Exercise brief: Among the records below, find the line that has "Подарочный пакет новогодних"; from there, give the lines again exactly, and stop after the line that has "The innovative fabric".

Material to process:
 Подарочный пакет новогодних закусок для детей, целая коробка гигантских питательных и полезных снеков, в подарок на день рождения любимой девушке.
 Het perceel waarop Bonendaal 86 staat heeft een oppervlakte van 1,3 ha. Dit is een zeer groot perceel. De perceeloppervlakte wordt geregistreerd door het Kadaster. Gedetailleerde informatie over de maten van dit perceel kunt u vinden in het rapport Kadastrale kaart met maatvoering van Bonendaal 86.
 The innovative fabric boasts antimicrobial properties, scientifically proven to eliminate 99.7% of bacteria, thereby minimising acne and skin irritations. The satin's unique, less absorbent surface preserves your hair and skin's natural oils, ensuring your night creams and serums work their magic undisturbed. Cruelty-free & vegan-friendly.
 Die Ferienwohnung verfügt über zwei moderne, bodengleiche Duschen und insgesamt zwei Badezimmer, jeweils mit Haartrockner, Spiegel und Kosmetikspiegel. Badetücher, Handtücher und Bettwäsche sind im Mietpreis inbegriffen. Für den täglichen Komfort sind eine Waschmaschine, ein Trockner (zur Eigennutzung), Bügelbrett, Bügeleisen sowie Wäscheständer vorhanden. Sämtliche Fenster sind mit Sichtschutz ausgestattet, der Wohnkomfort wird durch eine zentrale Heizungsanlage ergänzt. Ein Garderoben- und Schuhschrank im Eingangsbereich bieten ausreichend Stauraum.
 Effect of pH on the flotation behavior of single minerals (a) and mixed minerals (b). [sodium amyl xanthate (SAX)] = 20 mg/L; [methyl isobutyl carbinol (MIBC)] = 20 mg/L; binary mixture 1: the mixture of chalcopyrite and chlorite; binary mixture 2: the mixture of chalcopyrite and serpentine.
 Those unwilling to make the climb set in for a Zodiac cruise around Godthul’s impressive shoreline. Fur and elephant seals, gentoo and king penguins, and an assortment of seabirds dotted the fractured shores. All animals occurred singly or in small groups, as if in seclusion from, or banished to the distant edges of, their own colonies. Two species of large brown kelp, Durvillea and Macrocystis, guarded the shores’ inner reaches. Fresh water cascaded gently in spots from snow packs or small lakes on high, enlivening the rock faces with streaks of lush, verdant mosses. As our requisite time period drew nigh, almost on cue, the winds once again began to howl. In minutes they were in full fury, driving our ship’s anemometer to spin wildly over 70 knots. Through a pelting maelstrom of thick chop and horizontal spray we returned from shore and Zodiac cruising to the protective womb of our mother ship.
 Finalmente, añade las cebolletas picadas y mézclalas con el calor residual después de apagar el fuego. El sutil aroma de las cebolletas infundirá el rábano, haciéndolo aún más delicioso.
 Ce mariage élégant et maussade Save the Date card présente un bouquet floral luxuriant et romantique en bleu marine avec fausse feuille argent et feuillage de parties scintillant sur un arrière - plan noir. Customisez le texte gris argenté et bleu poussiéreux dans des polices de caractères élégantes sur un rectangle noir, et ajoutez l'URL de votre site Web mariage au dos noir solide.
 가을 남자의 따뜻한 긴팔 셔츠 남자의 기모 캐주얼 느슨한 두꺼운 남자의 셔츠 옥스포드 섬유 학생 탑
---
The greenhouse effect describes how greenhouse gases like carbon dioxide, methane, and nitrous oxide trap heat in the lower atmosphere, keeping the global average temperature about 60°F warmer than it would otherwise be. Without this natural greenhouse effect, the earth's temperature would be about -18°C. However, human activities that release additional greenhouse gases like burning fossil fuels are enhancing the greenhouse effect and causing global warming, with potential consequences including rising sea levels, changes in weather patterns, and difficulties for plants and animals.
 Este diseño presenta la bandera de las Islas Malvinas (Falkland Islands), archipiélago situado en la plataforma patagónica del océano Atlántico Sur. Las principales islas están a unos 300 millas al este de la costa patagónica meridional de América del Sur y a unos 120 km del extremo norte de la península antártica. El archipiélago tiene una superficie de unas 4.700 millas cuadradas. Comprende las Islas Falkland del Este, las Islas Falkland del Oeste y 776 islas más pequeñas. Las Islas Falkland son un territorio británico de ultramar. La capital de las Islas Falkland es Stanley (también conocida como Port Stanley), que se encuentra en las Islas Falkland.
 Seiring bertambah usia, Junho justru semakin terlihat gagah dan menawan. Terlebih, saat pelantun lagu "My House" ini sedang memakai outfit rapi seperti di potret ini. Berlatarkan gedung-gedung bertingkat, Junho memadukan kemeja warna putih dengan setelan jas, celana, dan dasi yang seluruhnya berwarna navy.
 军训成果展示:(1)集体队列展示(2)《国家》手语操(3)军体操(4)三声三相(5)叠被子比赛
==
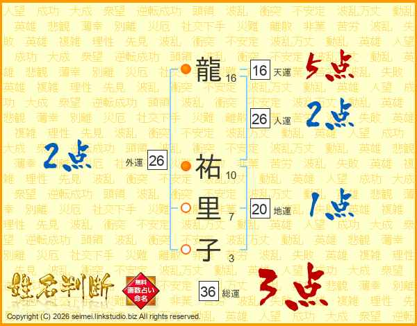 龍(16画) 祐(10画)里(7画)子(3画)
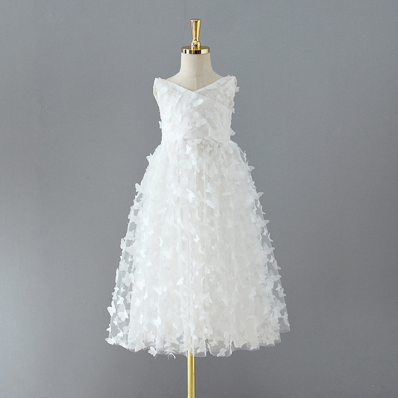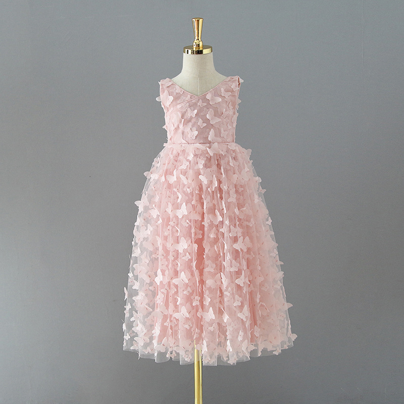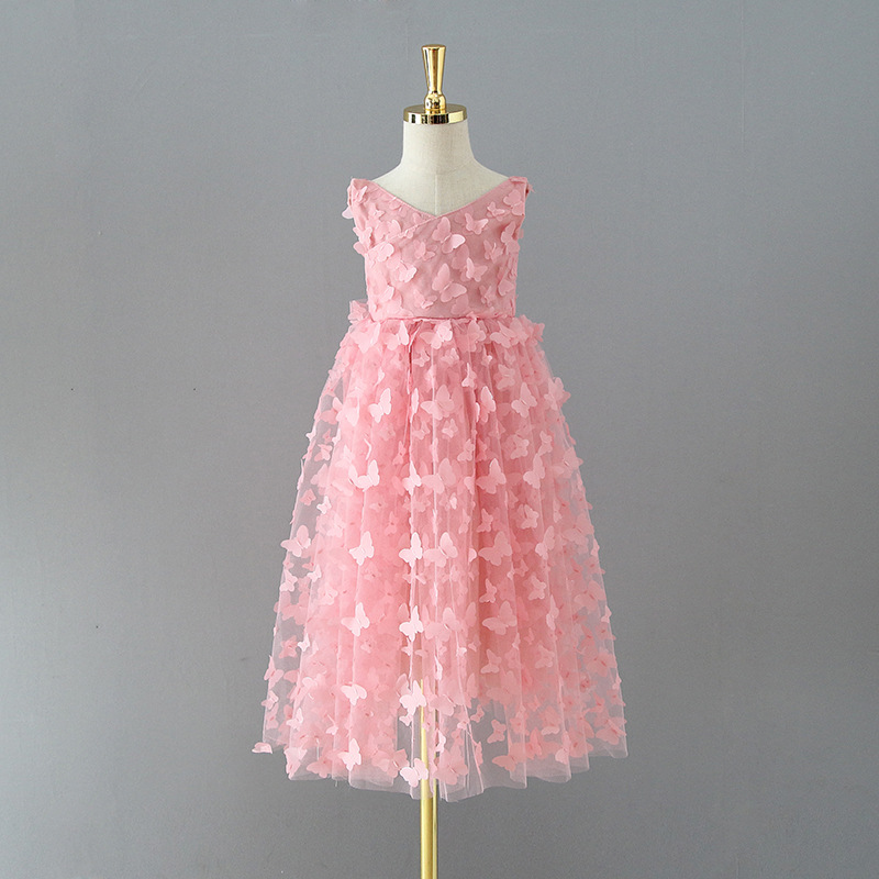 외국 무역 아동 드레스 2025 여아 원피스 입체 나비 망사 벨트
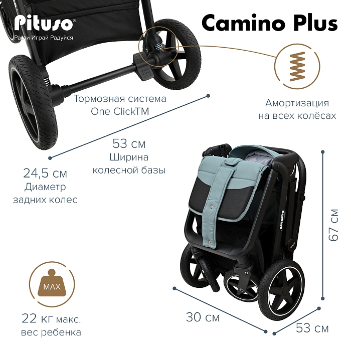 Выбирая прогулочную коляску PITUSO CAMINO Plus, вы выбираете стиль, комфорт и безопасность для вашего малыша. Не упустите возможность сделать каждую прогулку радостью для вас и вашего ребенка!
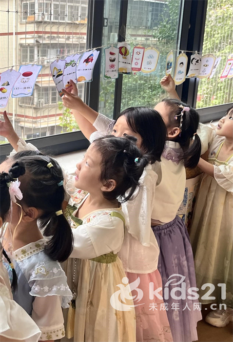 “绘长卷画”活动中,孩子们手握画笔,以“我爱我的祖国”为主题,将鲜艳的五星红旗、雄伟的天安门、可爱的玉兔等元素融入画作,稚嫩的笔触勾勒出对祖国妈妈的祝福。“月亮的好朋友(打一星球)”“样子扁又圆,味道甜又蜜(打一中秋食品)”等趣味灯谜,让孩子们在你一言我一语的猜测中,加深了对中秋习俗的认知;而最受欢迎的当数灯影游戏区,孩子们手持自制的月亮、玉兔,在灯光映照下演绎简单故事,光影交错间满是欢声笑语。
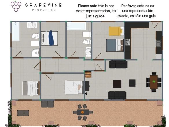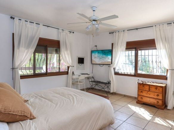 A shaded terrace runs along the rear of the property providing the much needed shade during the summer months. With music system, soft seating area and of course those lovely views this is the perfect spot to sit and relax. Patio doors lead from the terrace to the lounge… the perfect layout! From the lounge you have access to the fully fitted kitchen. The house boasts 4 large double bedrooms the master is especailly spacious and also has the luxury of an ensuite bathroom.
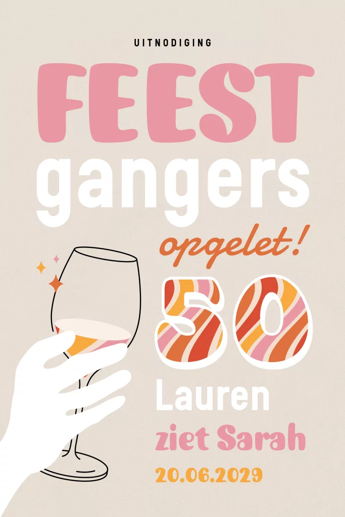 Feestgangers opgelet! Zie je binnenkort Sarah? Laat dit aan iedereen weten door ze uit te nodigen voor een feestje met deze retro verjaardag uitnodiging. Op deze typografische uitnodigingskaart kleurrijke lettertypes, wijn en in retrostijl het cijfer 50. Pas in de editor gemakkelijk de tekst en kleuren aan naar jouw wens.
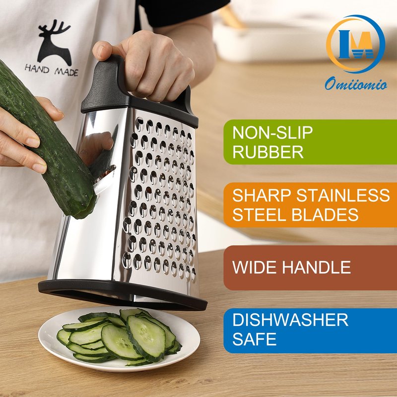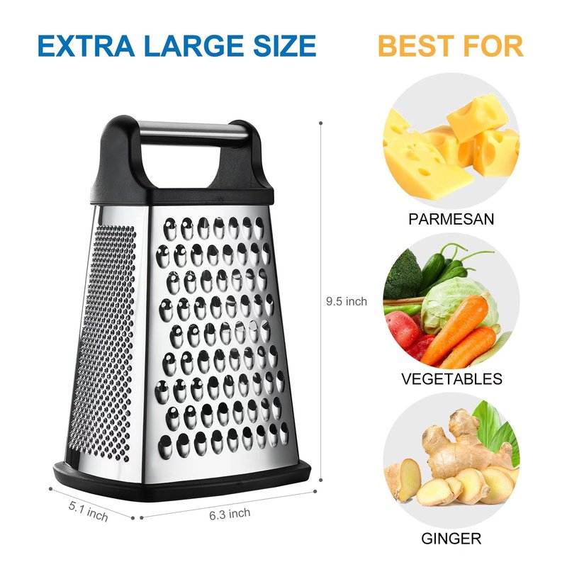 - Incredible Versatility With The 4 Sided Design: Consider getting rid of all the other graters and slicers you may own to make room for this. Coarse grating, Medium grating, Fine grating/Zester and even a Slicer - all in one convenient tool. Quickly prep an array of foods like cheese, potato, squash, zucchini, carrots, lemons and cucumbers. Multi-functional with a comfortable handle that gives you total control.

Answer box:
 Подарочный пакет новогодних закусок для детей, целая коробка гигантских питательных и полезных снеков, в подарок на день рождения любимой девушке.
 Het perceel waarop Bonendaal 86 staat heeft een oppervlakte van 1,3 ha. Dit is een zeer groot perceel. De perceeloppervlakte wordt geregistreerd door het Kadaster. Gedetailleerde informatie over de maten van dit perceel kunt u vinden in het rapport Kadastrale kaart met maatvoering van Bonendaal 86.
 The innovative fabric boasts antimicrobial properties, scientifically proven to eliminate 99.7% of bacteria, thereby minimising acne and skin irritations. The satin's unique, less absorbent surface preserves your hair and skin's natural oils, ensuring your night creams and serums work their magic undisturbed. Cruelty-free & vegan-friendly.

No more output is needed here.